Waxahatchee‘s Katie Crutchfield took the stage just after dark at last year’s Woodsist Festival, barefoot in a flowing black gown. With an acoustic guitar around her neck and her new backing band, Bonny Doon, behind her, she launched into a set of mostly new songs that sounded nothing like 2017’s Out in the Storm. That was a record steeped in Philadelphia’s much-lauded indie-rock scene. Surprisingly, the songs sounded like a much different time and place, something closer to the harmony-heavy country-rock of 1970s Laurel Canyon, with Crutchfield gleefully leaning into every word in an Alabama-drawl. At the end of every song, someone in the crowd would howl in perplexed delight, as if trying to articulate what everyone was thinking: “Did you just hear that?” The set concluded with a cover of Lucinda Williams‘ slow-burning “Fruits of My Labor”, a perfect end to the set, especially when Crutchfield sang, “Come to my world and witness / The way things have changed.”

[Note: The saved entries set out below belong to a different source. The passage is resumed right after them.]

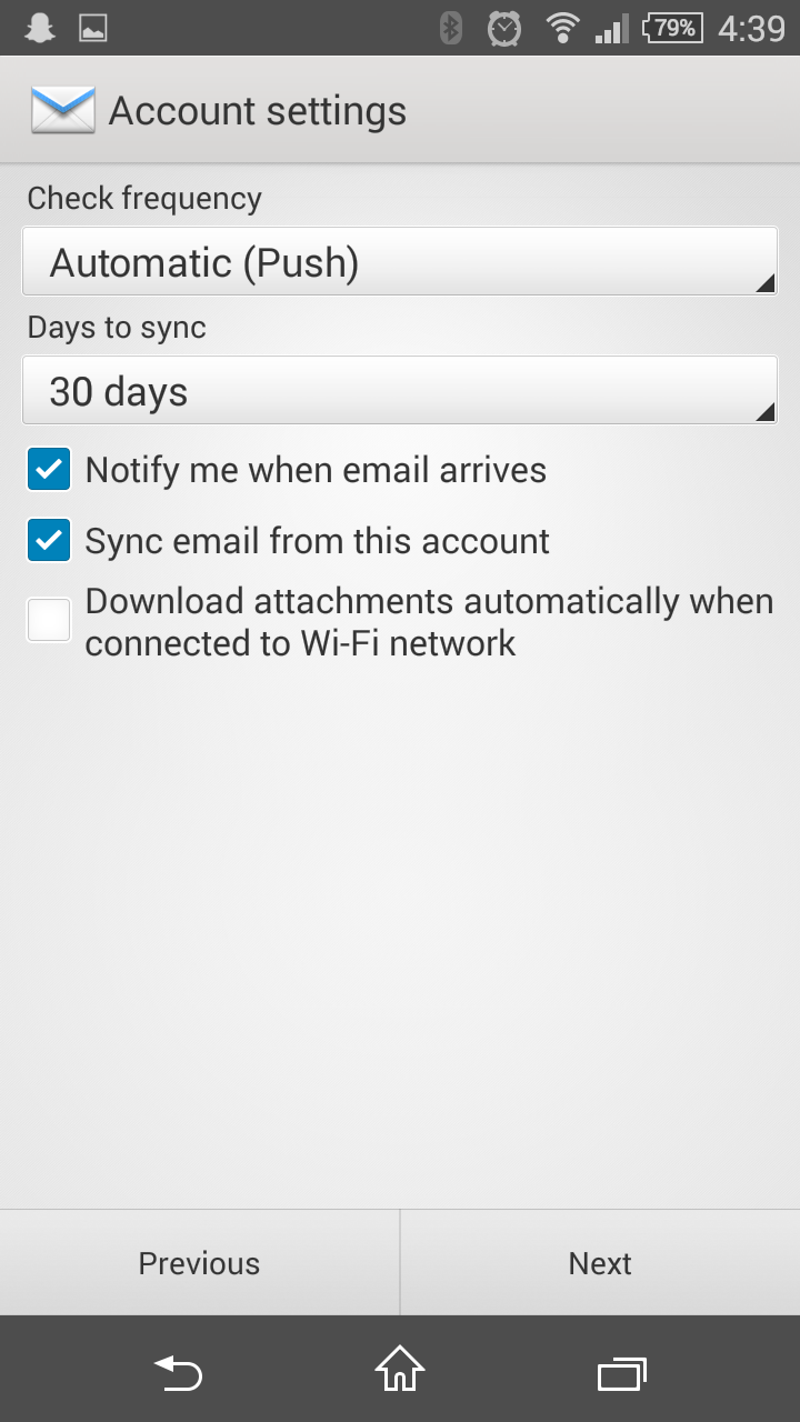You will now be asked to decide how often you want your email to sync, in most cases, the default options are good enough.For Check frequency, the default setting, Automatic (Push) will make sure that you see the email has arrived as soon as the server receives it.
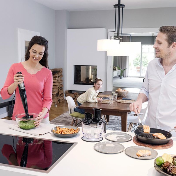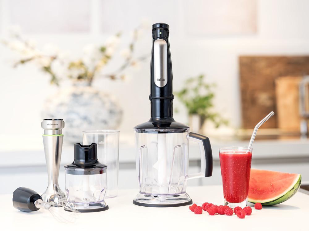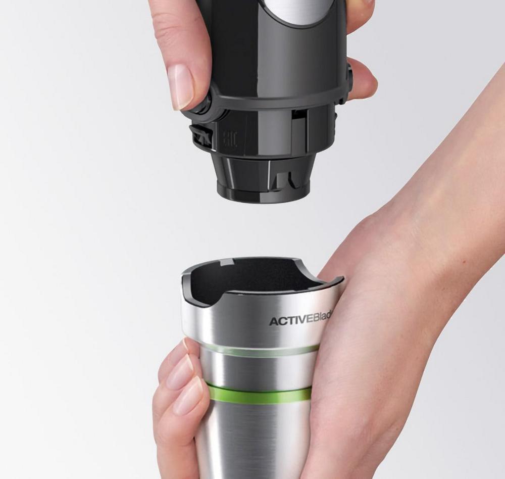 Výkonný ponorný mixér MultiQuick 7 je teraz ešte rýchlejší a silnejší. Kombinácia silného 1000W motora a unikátnej technológie ActiveBlade s pohyblivou mixovacou nohou a PowerBell Plus s extra mlecou čepeľou vám umožní rýchlo a bez námahy rozmixovať i tie najtvrdšie suroviny. Jednoducho, čím silnejšie stlačíte, tým väčšiu rýchlosť získate. Mixujte bez neporiadku s technológiou PowerBell Plus a SplashControl a upustite uzdu svojej kuchárskej fantázií so širokou ponukou príslušenstva. MultiQuick 7, viacej než len ponorný tyčový mixér.
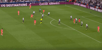 第2分钟,拉菲尼亚右路分球,费尔明左脚远射打偏。
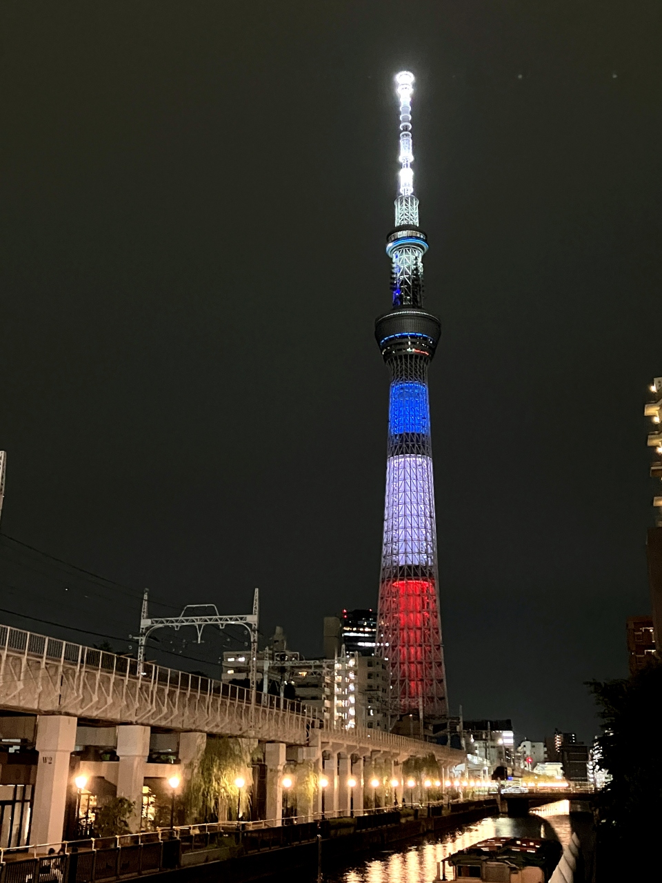 ちなみに、7/26(金)はフランス国旗をイメージした特別ライティングも点灯されました
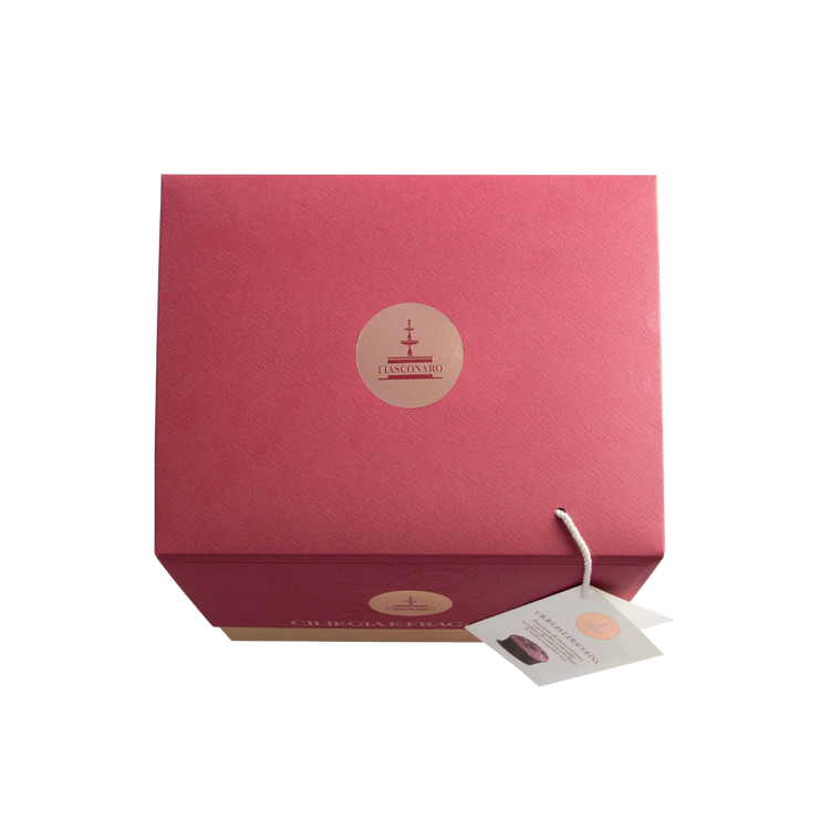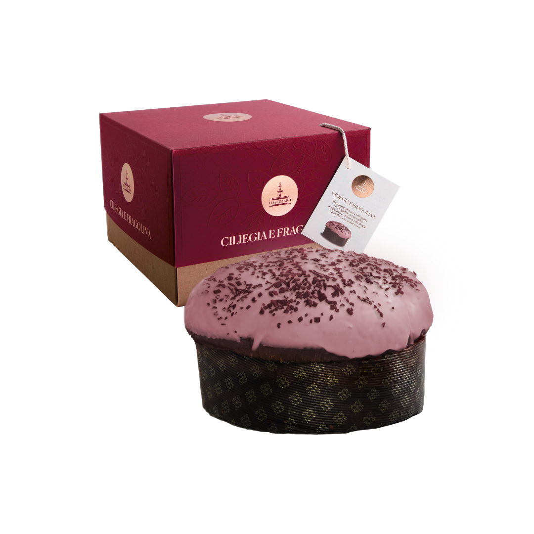 Soft Wheat Flour, semi-candied strawberries (19%) (strawberries, glucose-fructose syrup, sucrose, acid: citric acid, preservative: potassium sorbate), BUTTER, sugar, fresh barn EGGS (9%), couverture chocolate (8,6%) (sugar, cocoa butter, whole milk powder, cocoa mass, emulsifier: SOY lecithin, acid: citric, natural vanilla flavouring. Cocoa solids: 40.3% minimum), extra cherry jam (8%)(cherries (Fruit used: 90g per 100g), sugar, glucose syrup, lemon juice), stable-fresh egg yolk (4%), natural yeast (wheat flour), Sicilian honey, orange paste (orange peel, sugar, glucose-fructose syrup, lemon juice), invert sugar syrup, raspberry crispies (0.8%) (cocoa butter, raspberries (29%), sugar, tapioca starch, concentrated raspberry juice), emulsifier monoandiglycerides of fatty acids, cocoa butter, skimmed milk powder, salt, natural flavours, vanilla, mint essential oil.

Over a year before her set at Woodsist, Crutchfield was newly sober and attempting to write her follow-up to Out in the Storm, an album that had propelled Waxahatchee to the largest audiences of her career. For inspiration, she turned to her favorite album of all time: Williams’ Car Wheels on a Gravel Road. Crutchfield is an outspoken Lucinda acolyte, even writing an homage to Car Wheels for its 20th anniversary. “When I discovered Car Wheels, I fully realized how powerful it can be to embrace the contradictions and the unknown because that is the only path to making something that is truly original,” she wrote. “As a songwriter with some parallels with Lucinda, two women from the Deep South, it makes me emotional to think about what she did just in making this album. It’s everything I ever set out to. It’s proof it can be done.”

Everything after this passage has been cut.